Forum for Science, Industry and Business

Sponsored by:     3M 
Search our Site:

 

Less bureaucracy at the border reduces poverty

03.04.2009
Less border red tape is a way to combat poverty. Today goods, money, and time are all wasted in the way shipments are dealt with when exported. This is a major conclusion drawn in a new dissertation on trade from the School of Economics and Management, Lund University, in Sweden.

Economist Maria Persson has studied how trade between the EU and developing countries could be increased. Over the last ten years this issue has been discussed more and more heatedly by the WTO (World Trade Organization), and one measure that has been suggested is reduced tariffs. However, Maria Persson's assessment shows that very good results can be achieved by, instead, simplifying procedures that need to be followed every time a good is shipped from one country to another.

"I focus on how to limit the time it takes for goods to cross the border. The more difficult the procedure for exporting, the longer it will take. My estimations show that if it takes a day less for a good to cross the border, the value of exports could increase by one percent," says the researcher, who has used questionnaire material from the World Bank where various intermediaries in commerce were asked how long it takes for goods to pass the border, while also controlling for what the 'normal' level of trade would be.

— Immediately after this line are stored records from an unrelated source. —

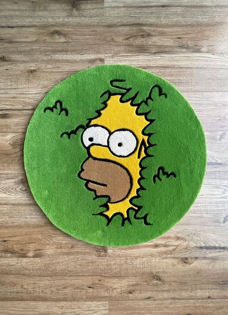 Alfombra redonda que captura la escena icónica del meme de “Homer Simpson desapareciendo en el arbusto” de la serie Los Simpson. La base es de un verde césped brillante, simulando el arbusto del que solo se ve la cara de Homer con una expresión de consternación o sorpresa, mirando hacia la izquierda. El contorno irregular en el verde simula las hojas, mientras que unos garabatos negros alrededor refuerzan el efecto de movimiento. Es una pieza de coleccionista o decoración para fans del humor y la cultura memética
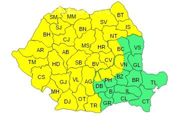 Meteorologii de la ANM au emis un avertisment de tip cod galben de depuneri de polei, precipitaţii mixte moderate cantitativ, intensificări ale vântului și ninsori viscolite la munte, valabil pentru aproape toată țara.
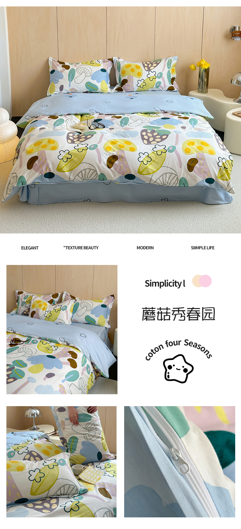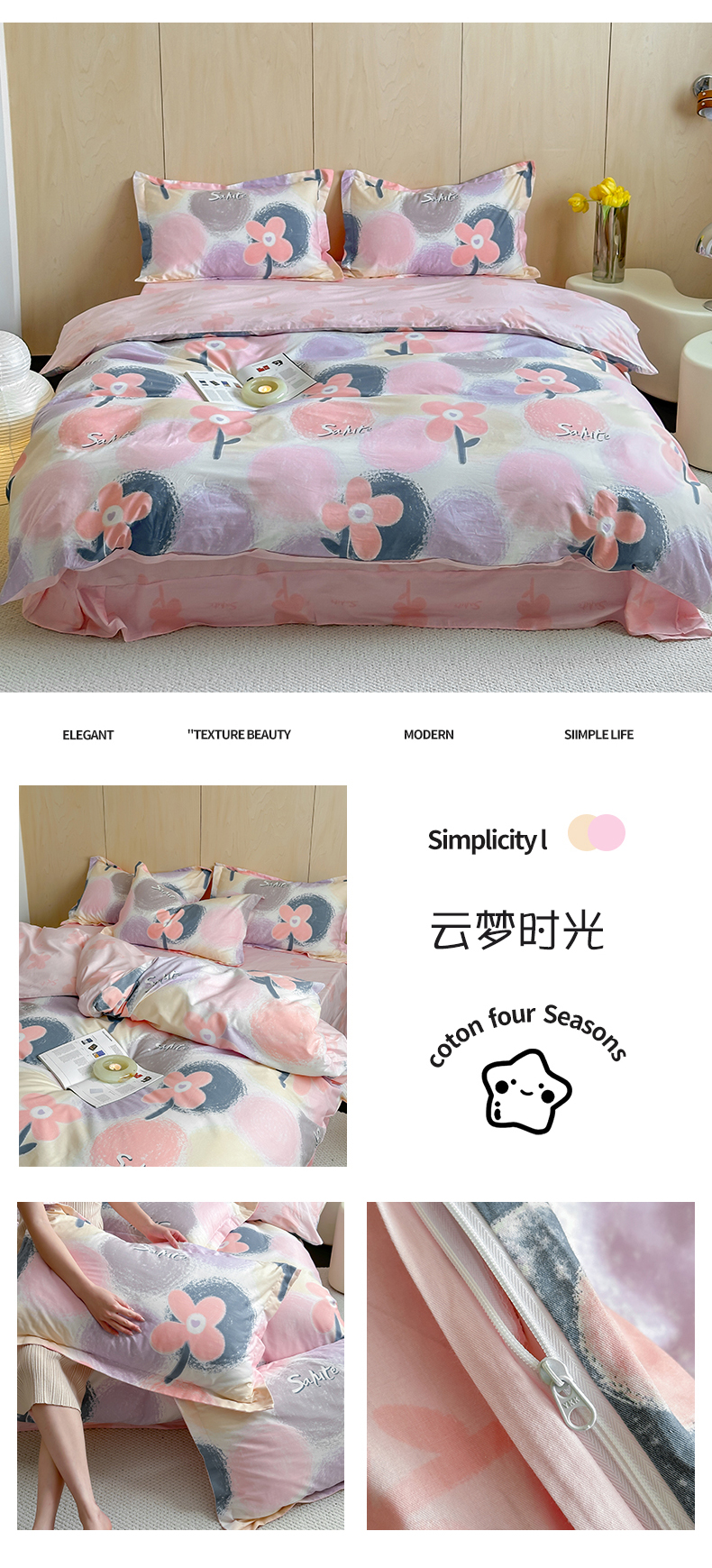 (总)麦田家纺 2025新款A类云感木棉皱皱双层纱印花四件套,春意浓,繁花,花颜,简意,开心小熊,腊肠犬,浪漫花语,免挽星辰,甜心格,小蓝町,樱桃格,紫韵

"If trade increases, this can lead to increased economic growth and thereby reduced poverty in many countries. At the same time exports would be more diversified, since a greater amount of different products could be exported. This would make developing countries less vulnerable, which is an advantage of this type of reform."

Many countries have great costs associated with trade itself, a fact that has previously been invisible. In practice, exaggerated bureaucracy and slow processing, for example, lead to food rotting while it is held before being exported or to some competitor winning the race to get the latest high-tech gadget to the market, which lowers the price the gadget could have commanded. Delays cost exporting countries a great deal of money.

At the same time, the issue of tariffs is becoming less and less important, since their general levels are successively declining. This means that there is great potential for increasing trade by introducing more efficient border bureaucracy.

"Considering that in most developing countries it takes a very long time for exported goods to pass the country's own border, an average of 34 days, it is realistic to expect much larger savings than one day without it costing very much. The positive effects could be very large."

It is often a matter of removing bottlenecks. For instance, more readily available information about what rules apply to exports would simplify matters a great deal for the trader. The countries can limit the number of documents that need to be filled out. Other simple measures are to extend the open hours at offices that perform crucial stamping of documents.

If EU countries also worked to make import procedures more efficient in a corresponding way, the impact would be even greater. At the border, personnel can learn simple techniques for assessing risks by using random inspections, which would help speed up passage and increase security as well.

"'Trade facilitation' does not necessarily mean less monitoring, but rather smarter monitoring. Companies that have shipped goods for twenty years without any problems could be trusted more by customs officials, whereas shipments where the exporter has not been shown to be reliable should be checked more carefully. It's a matter of risk assessment, and that is something that Sweden has been a pioneer in," says Maria Persson.

Contact Maria Persson at cell phone: +46 (0)73-04 12 543 or maria.persson@nek.lu.se

Pressofficer: Kristina Rörström, +46-706 047 037; Kristina.Rorstrom@ehl.lu.se

Kristina Rörström | idw
Further information:
http://www.lu.se
http://www.vr.se

More articles from Social Sciences:

nachricht New measure for the wellbeing of populations could replace Human Development Index
07.11.2018 | International Institute for Applied Systems Analysis (IIASA)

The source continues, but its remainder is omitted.